A final word from Lewin: “Student debt in 2019 amounted to 42.4 percent of the total fee income received, which is substantial, and of course, more than 50 percent of that gross debt was not paid. The non-payment of fees is a major risk to the sustainability of universities and highlights the necessity for debt management at the university level and the need to find a lasting solution to support students across the system to pay their fees.

“Historically disadvantaged institutions are not financially well off and have not generated sufficient reserves to ensure that they are able to be sustainable in the long term and, as a result, are highly reliant on state funding.

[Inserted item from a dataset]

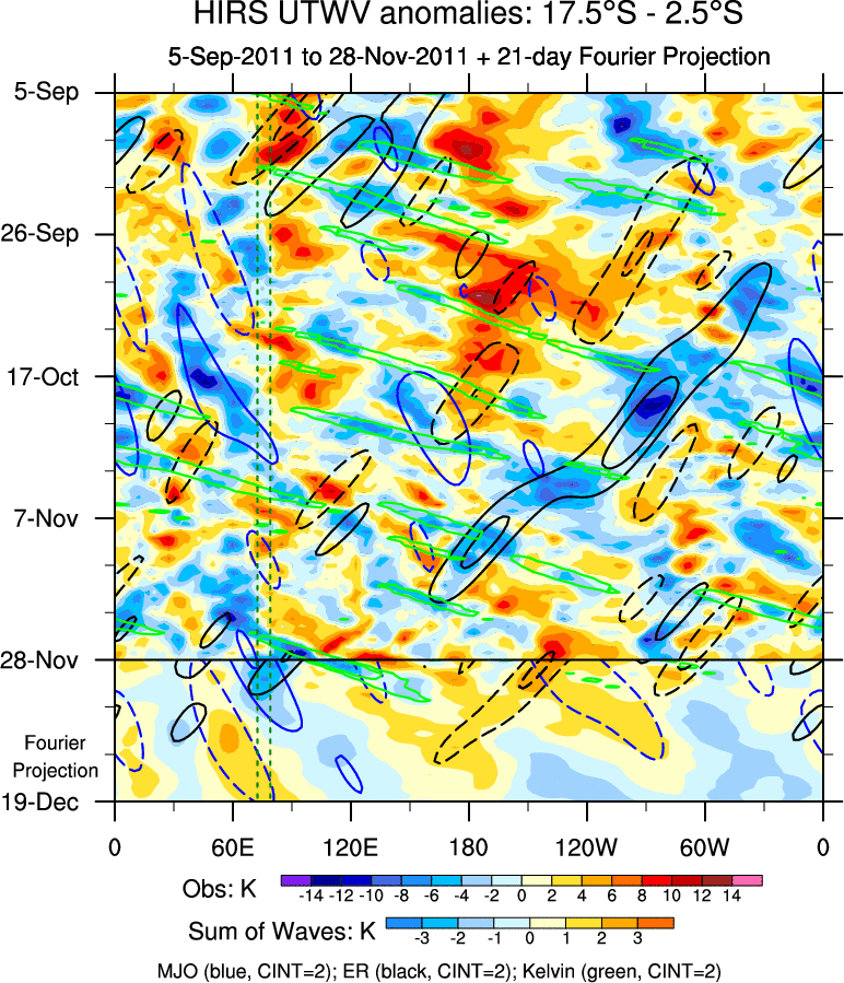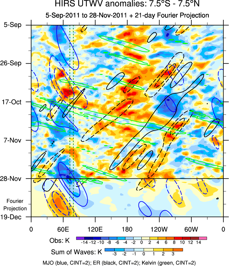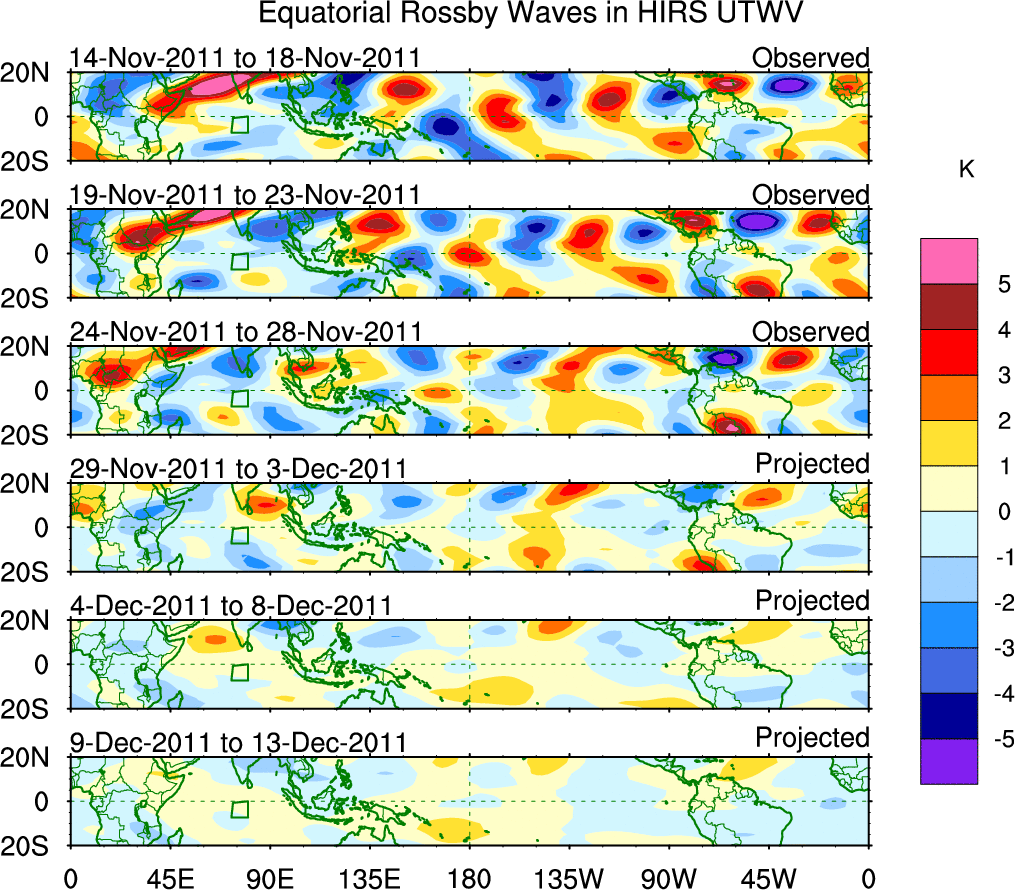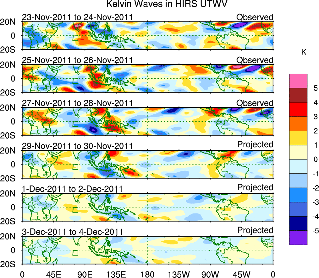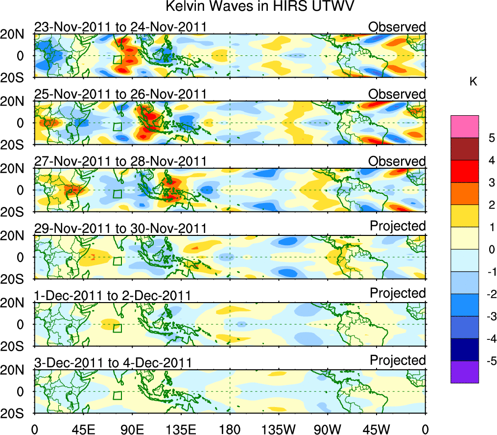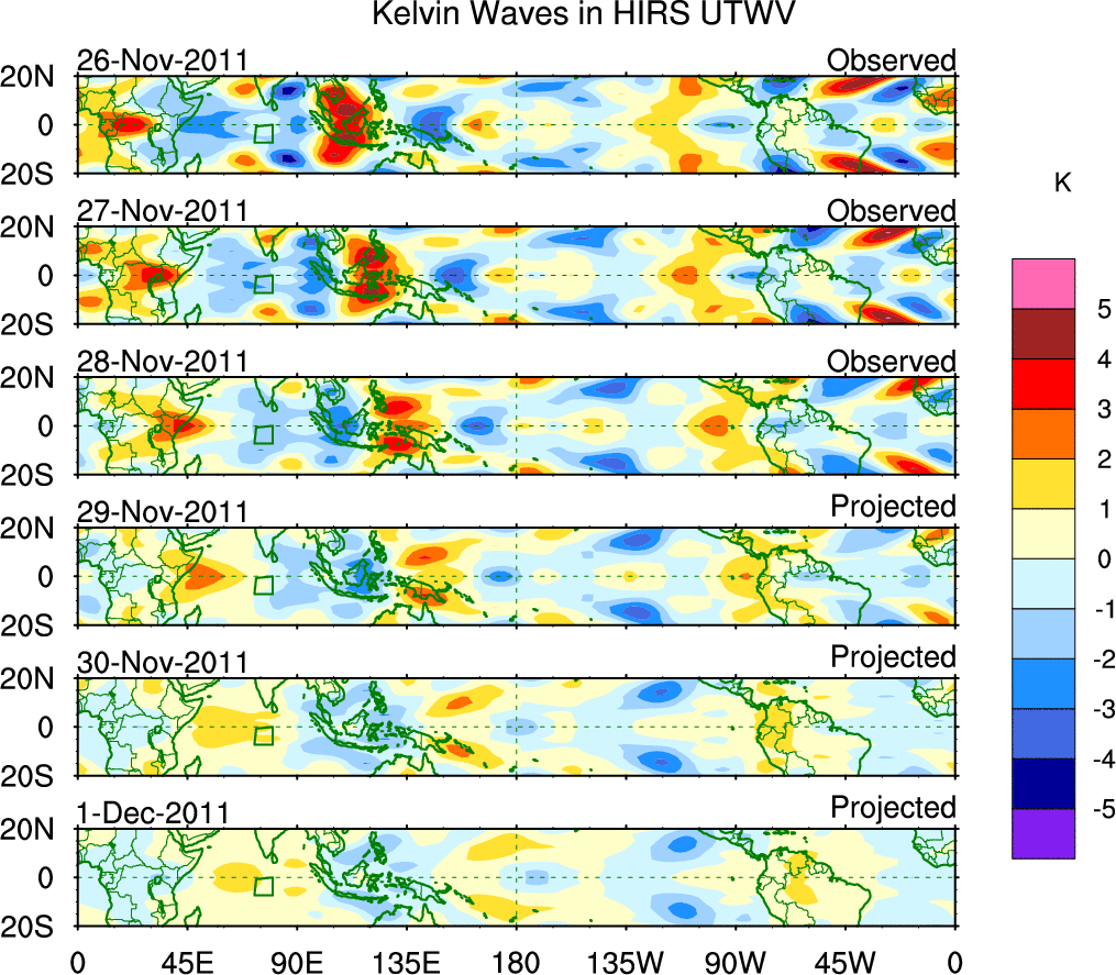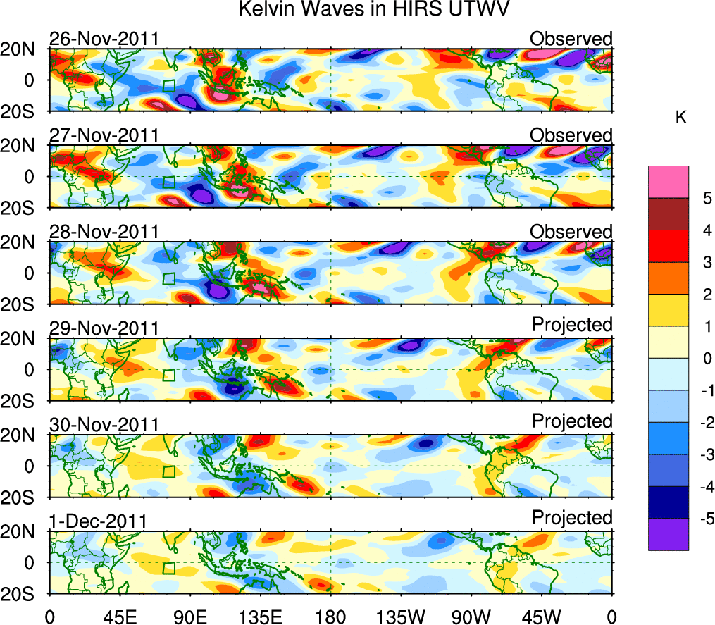 To identify tropical waves in near real-time, the OLR and UTWV data are filtered following Wheeler & Weickmann (2001 MWR). The daily anomalies are calculated using the first 3 harmonics of the seasonal cycle for 1979–2009. Missing values are then filled using linear interpolation in space and time. The most recent 365 days of anomalies are padded with 659 days of zeroes, and the result is filtered for each wave type.

The DHET has established a special grant – the Sibusiso Bengu Development Programme (named after the first Minister of Education in South Africa’s Government of National Unity in 1994) – which will be launched during the current fiscal year and which will enable eight designated universities to receive additional funding to support their strategic priorities.”

Sustainable funding for universities is one of key focus areas of USAf’s Funding Strategy Group (FSG), chaired by Professor Tawana Kupe, Vice-Chancellor and Principal of the University of Pretoria. Professor Gerald Ouma was standing in for Professor Kupe, who was engaged elsewhere. Two other priority issues of the FSG that received dedicated attention during last week’s conference were Funding for Infrastructure Development and University Shared Services: Drivers, Benefits, Success Factors and Challenges. The FSG, alongside USAf’s four other strategy groups, conceptualised the agenda of this conference in line with the Groups’ priorities stipulated in USAf’s current five-year strategy.

Janine Greenleaf Walker is a contract writer for Universities South Africa.